Transcribe the records word for word. Leave every picture out.

*** Block opens ***

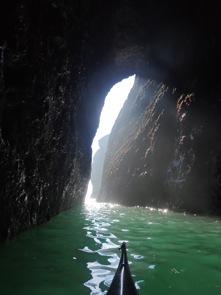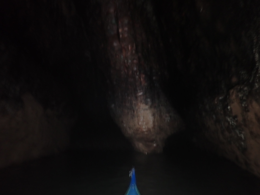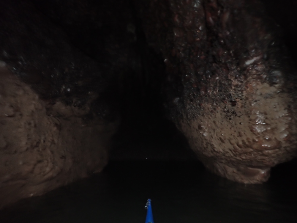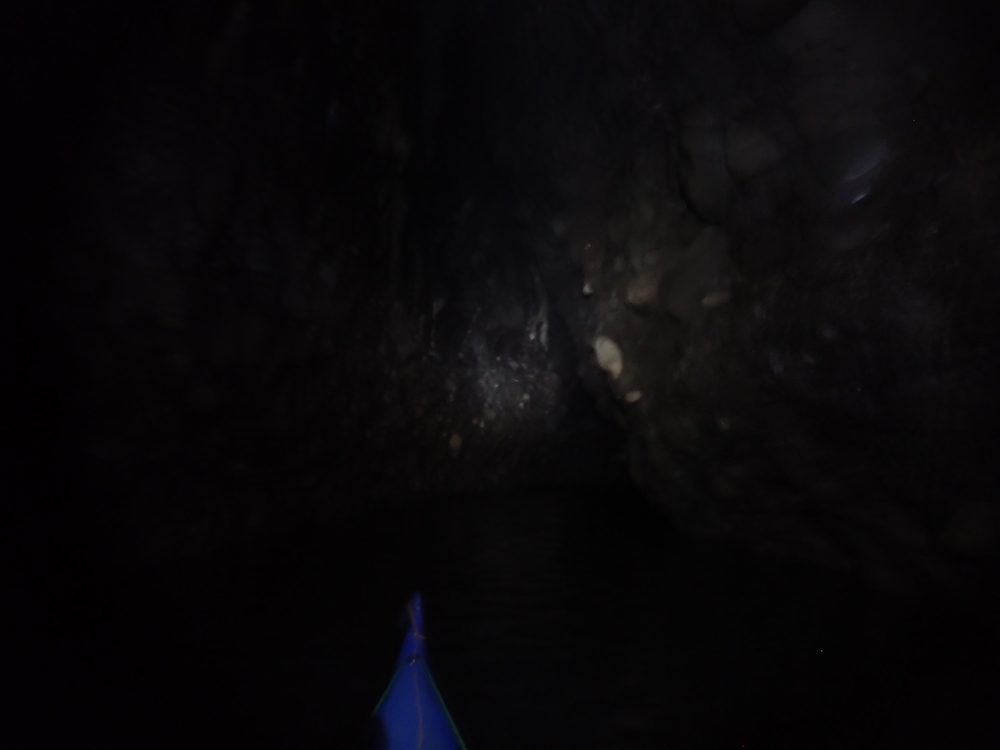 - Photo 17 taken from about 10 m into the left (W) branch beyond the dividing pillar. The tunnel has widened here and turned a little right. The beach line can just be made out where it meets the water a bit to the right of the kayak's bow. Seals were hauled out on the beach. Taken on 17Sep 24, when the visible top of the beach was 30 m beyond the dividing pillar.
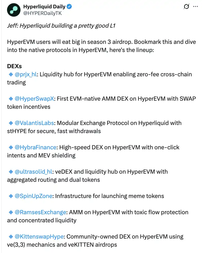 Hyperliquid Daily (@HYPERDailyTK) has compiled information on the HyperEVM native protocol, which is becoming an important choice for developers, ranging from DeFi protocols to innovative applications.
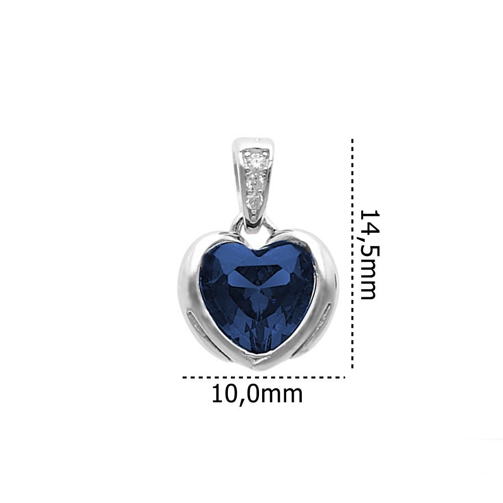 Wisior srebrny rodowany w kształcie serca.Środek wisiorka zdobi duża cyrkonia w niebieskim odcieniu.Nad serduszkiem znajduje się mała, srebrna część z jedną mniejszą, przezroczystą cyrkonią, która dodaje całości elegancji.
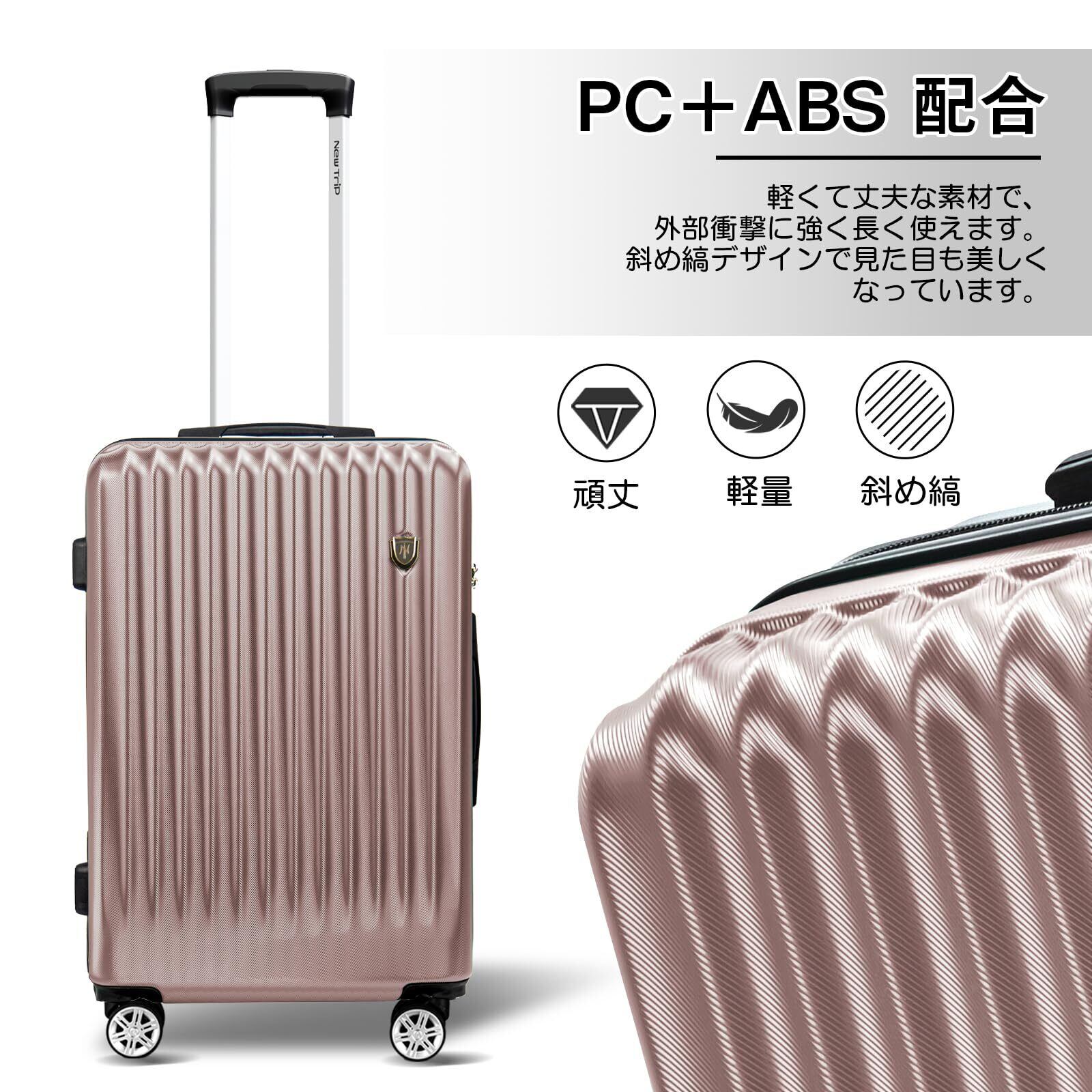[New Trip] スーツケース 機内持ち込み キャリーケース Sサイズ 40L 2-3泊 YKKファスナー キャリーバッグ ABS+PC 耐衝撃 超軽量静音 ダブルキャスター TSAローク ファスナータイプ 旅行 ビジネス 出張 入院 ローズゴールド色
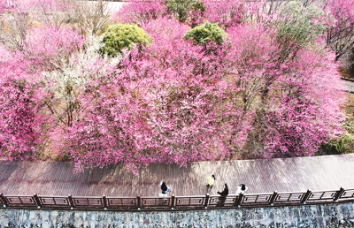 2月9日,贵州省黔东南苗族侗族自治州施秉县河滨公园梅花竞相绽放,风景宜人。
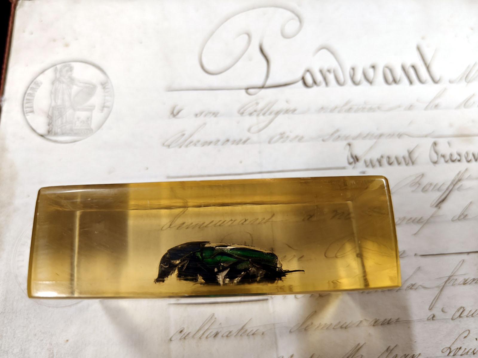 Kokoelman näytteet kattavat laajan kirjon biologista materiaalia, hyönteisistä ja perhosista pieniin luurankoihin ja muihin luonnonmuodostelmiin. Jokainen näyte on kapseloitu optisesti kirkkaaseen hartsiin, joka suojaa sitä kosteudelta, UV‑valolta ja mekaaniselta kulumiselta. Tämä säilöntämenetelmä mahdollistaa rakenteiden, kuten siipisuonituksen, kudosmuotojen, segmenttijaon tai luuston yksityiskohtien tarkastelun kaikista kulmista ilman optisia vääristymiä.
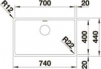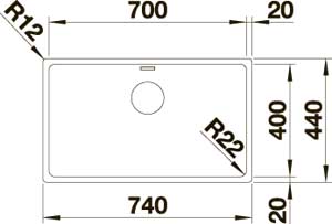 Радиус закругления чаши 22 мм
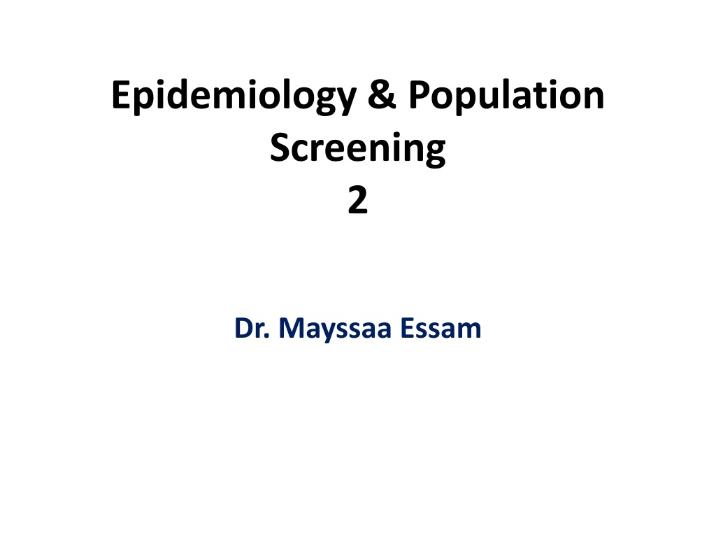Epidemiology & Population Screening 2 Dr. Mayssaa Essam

*** Block closes ***

- [YOUR RESPONSE]:
 - Photo 17 taken from about 10 m into the left (W) branch beyond the dividing pillar. The tunnel has widened here and turned a little right. The beach line can just be made out where it meets the water a bit to the right of the kayak's bow. Seals were hauled out on the beach. Taken on 17Sep 24, when the visible top of the beach was 30 m beyond the dividing pillar.
 Hyperliquid Daily (@HYPERDailyTK) has compiled information on the HyperEVM native protocol, which is becoming an important choice for developers, ranging from DeFi protocols to innovative applications.
 Wisior srebrny rodowany w kształcie serca.Środek wisiorka zdobi duża cyrkonia w niebieskim odcieniu.Nad serduszkiem znajduje się mała, srebrna część z jedną mniejszą, przezroczystą cyrkonią, która dodaje całości elegancji.
[New Trip] スーツケース 機内持ち込み キャリーケース Sサイズ 40L 2-3泊 YKKファスナー キャリーバッグ ABS+PC 耐衝撃 超軽量静音 ダブルキャスター TSAローク ファスナータイプ 旅行 ビジネス 出張 入院 ローズゴールド色
 2月9日,贵州省黔东南苗族侗族自治州施秉县河滨公园梅花竞相绽放,风景宜人。
 Kokoelman näytteet kattavat laajan kirjon biologista materiaalia, hyönteisistä ja perhosista pieniin luurankoihin ja muihin luonnonmuodostelmiin. Jokainen näyte on kapseloitu optisesti kirkkaaseen hartsiin, joka suojaa sitä kosteudelta, UV‑valolta ja mekaaniselta kulumiselta. Tämä säilöntämenetelmä mahdollistaa rakenteiden, kuten siipisuonituksen, kudosmuotojen, segmenttijaon tai luuston yksityiskohtien tarkastelun kaikista kulmista ilman optisia vääristymiä.
 Радиус закругления чаши 22 мм
Epidemiology & Population Screening 2 Dr. Mayssaa Essam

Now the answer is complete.